Elections have consequences – The Sopris Sun

Editor’s note: Every summer, Ken Pletcher wrote a letter to readers of the Michigan Sopris Sun. Here is letter number four.

Hello again from the southeast shore of beautiful Lake Michigan, part of a region sometimes referred to as America’s Third Coast. I had planned to write in this fourth letter about our immediate neighbors behind our cottage, the Prairie Club, and its legacy of conservation and land stewardship, like so many organizations in the Roaring Fork Valley.

But that will have to wait until another time. With the election looming, Michigan will be one of several states that will be crucial in deciding who our next president will be. That seemed like a more pressing issue.

I first voted in the 1972 presidential election and have done so in virtually every election campaign since then (federal, state, and local), including by mail when I was in school in Japan in 1976. I consider it my duty as a citizen to do so, even if I am sometimes not so enthusiastic about the candidates. Not voting means someone else will decide who will govern you. And that can have consequences.

Michigan—particularly heavily Democratic Detroit—learned this in 2016, when Donald Trump defeated Hillary Clinton by fewer than 12,000 votes (out of nearly 4.8 million cast). In Wayne County (which includes Detroit and its western suburbs), thousands of residents either did not vote at all, or when they did, they voted for a third-party candidate, or simply did not vote for any presidential candidate.

That this made a difference in the state’s voter turnout is evident in the 2020 results, when Joe Biden defeated Trump here by more than 150,000 votes, most of which came from significantly higher turnout in Wayne County.

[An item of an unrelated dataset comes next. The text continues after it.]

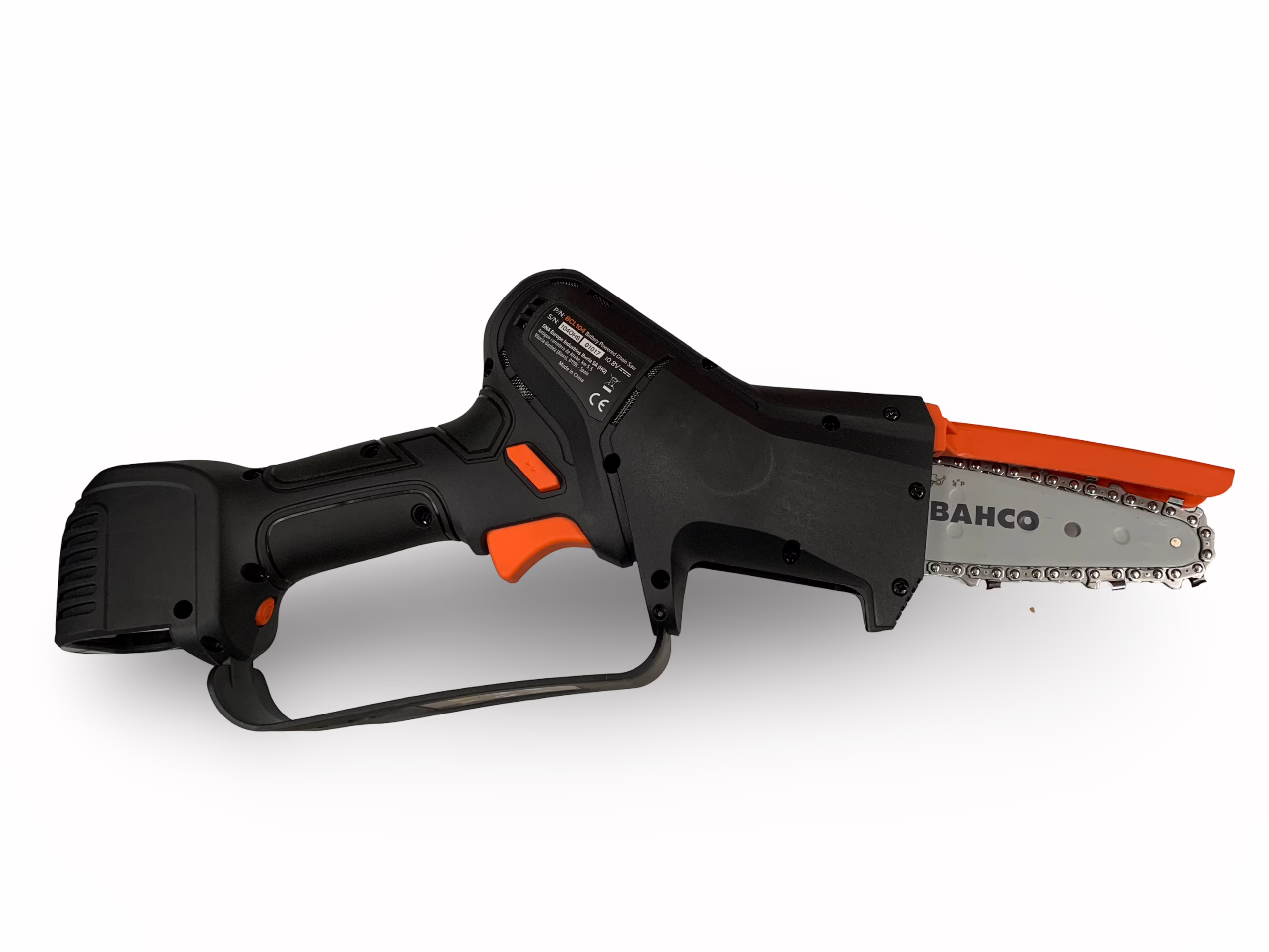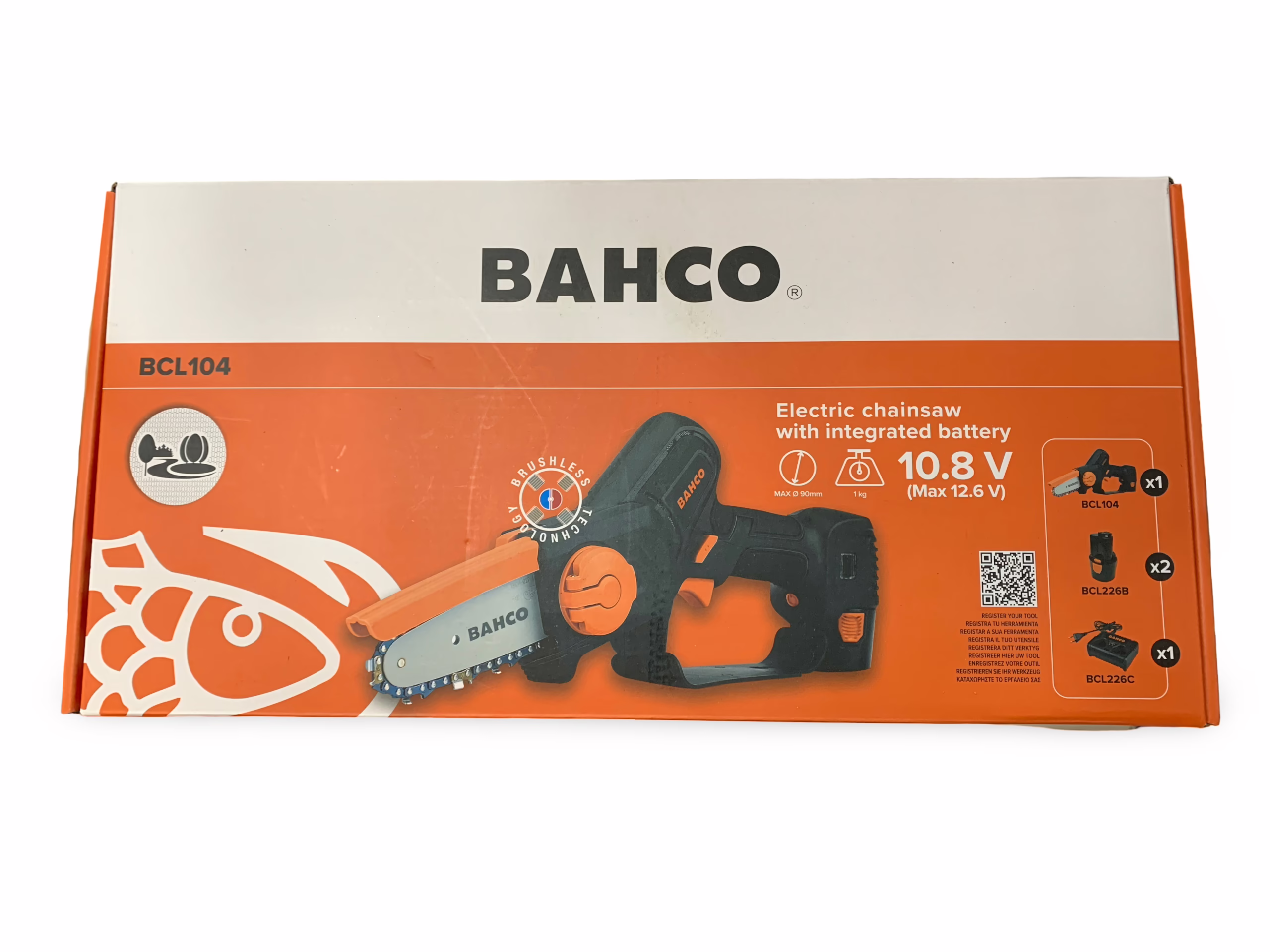 Incluye Motosierra compacta Bahco BCL104 – 300 W brushless, corte hasta 90 mm, diseño sin cable para poda ligera con total libertad 🔋🌳
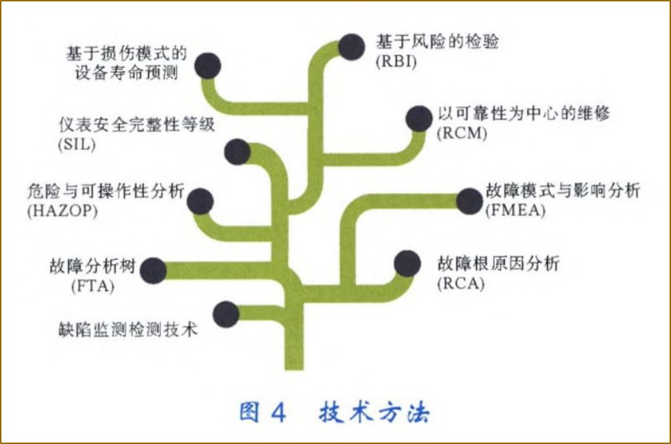 利用現(xiàn)有的設(shè)備信息化系統(tǒng)深化技術(shù)方法的應(yīng)用(圖4)。各專業(yè)全面推廣故障根原因分析方法,對(duì)關(guān)鍵設(shè)備故障和頻發(fā)性故障進(jìn)行根原因分析,有效管控設(shè)備故障率,避免重復(fù)故障的發(fā)生。靜設(shè)備專業(yè)對(duì)主要生產(chǎn)裝置開展RBI技術(shù)應(yīng)用,建立承壓設(shè)備風(fēng)險(xiǎn)管理模式:推廣基于損傷模式的設(shè)備壽命預(yù)測(cè)、在線狀態(tài)監(jiān)測(cè)等技術(shù)方法。動(dòng)設(shè)備專業(yè)在主要生產(chǎn)裝置實(shí)施以可靠性為中心的維修(RCM),逐步建立設(shè)備基于可靠性的維護(hù)保障模式。儀控專業(yè)通過評(píng)估企業(yè)安全儀表系統(tǒng)安全完整性等級(jí)(SIL)和應(yīng)用危害與可操作性分析(HAZOP)方法,形成規(guī)范性工作機(jī)制。電氣專業(yè)深化開展電氣設(shè)備平穩(wěn)運(yùn)行攻關(guān),穩(wěn)步推進(jìn)無人值守變電所建設(shè)。

One Detroit resident said in an interview before the 2020 election that she had “learned her lesson” and was voting for Biden, a sentiment apparently shared by many fellow Detroiters.

It’s unclear how Michigan (and Detroit) residents will vote this year, but Michigan will once again be a crucial swing state that will affect the outcome. A poll of 1,000 Detroiters in April found that while the vast majority of them plan to vote, about 13 percent said they probably wouldn’t; Hispanics made up the bulk of the latter group, “often citing that their vote doesn’t count and that they’re unhappy with the candidates,” according to the report.

On another level, Michigan has long been known for its far-right and paramilitary groups. In the 1970s, it was one of the centers of the so-called Posse Comitatus groups and, from the mid-1990s, of organizations such as the Wolverine Watchmen. The Oklahoma City bombers are said to have visited one of these groups shortly before their attack in 1995.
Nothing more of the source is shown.